Second phase 3 study
AB Science has initiated a second pivotal phase 3 study in asthma uncontrolled by high-dose inhaled corticosteroid and with elevated eosinophil levels.
This second study has been launched on the basis of preclinical data from mice and cats that showed masitinib can reduce eosinophil levels in the context of asthma
[Lee-Fowler, 2012].This effect in eosinophil levels coupled with the existing clinical data of masitinib in severe asthma justifies investigation of the therapeutic use of masitinib in this subpopulation.

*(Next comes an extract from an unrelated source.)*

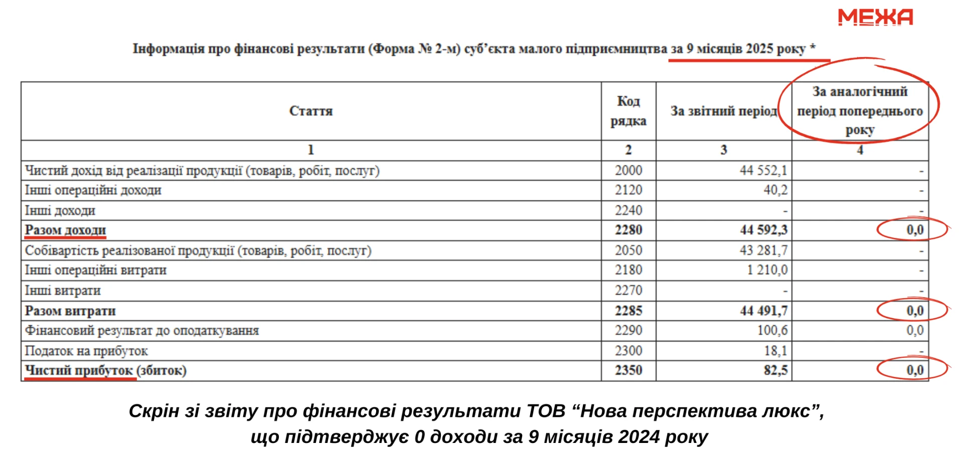 Интересно, что КП "Киевтеплоэнерго" легко нашло причины для отклонения более экономически выгодных предложений других участников, однако на явную фальсификацию тендерной документации закрыло глаза. - Нулевые доходы. В отчете о финансовых результатах за 9 месяцев 2025 года ООО показывает "ноль" доходов за аналогичный период 2024 года. Примечательно, но как раз тогда она якобы выполняла аналогичные работы с НДС, за которые должна была получить миллионы гривен. Именно эти договоры компания добавила к тендерной документации на восстановление ТЭЦ. Фактически отчет о "нулевых" доходах свидетельствует, что никаких работ ООО не выполняла в то время и не должна была быть допущена к бюджетным закупкам.

The IDMC has, on each occasion, recommended the continuation of this phase 3 study based on the analysis of the safety data.
Recruitment was completed with 347 enrolled patients.
Asthma uncontrolled by oral corticosteroid represents the most severe form of asthma and represents a high unmet medical need. The quality of life of these patients is severely impacted, with major reduction in lung function, restrictions on activities of daily living, work absenteeism, night-time awakening several times a week, frequent exacerbations and greater risk of life-threatening asthma exacerbations. The target population in adult patients is estimated at 70,000 in the USA and in the EU.
The patient population in asthma uncontrolled by high-dose inhaled corticosteroid plus long-acting beta-agonists (LABAs) and with elevated eosinophil level is much broader and is estimated to affect 1,500,000 adults in the USA and Europe.
Masitinib, a c-kit/PDGF receptor tyrosine kinase inhibitor, improves disease control in severe corticosteroid-dependent asthmatics. Humbert M, de Blay F, Garcia G, Prud’homme A, Leroyer C, Magnan A, Tunon-de-Lara JM, Pison C, Aubier M, Charpin D, Vachier I, Purohit A, Gineste P, Bader T, Moussy A, Hermine O, Chanez P.
Allergy. 2009 Aug;64(8):1194-201. doi: 10.1111/j.1398-9995.2009.02122.x.
The tyrosine kinase inhibitor masitinib blunts airway inflammation and improves associated lung mechanics in a feline model of chronic allergic asthma.
Lee-Fowler TM, Guntur V, Dodam J, Cohn LA, DeClue AE, Reinero CR. Int Arch Allergy Immunol. 2012;158(4):369-74.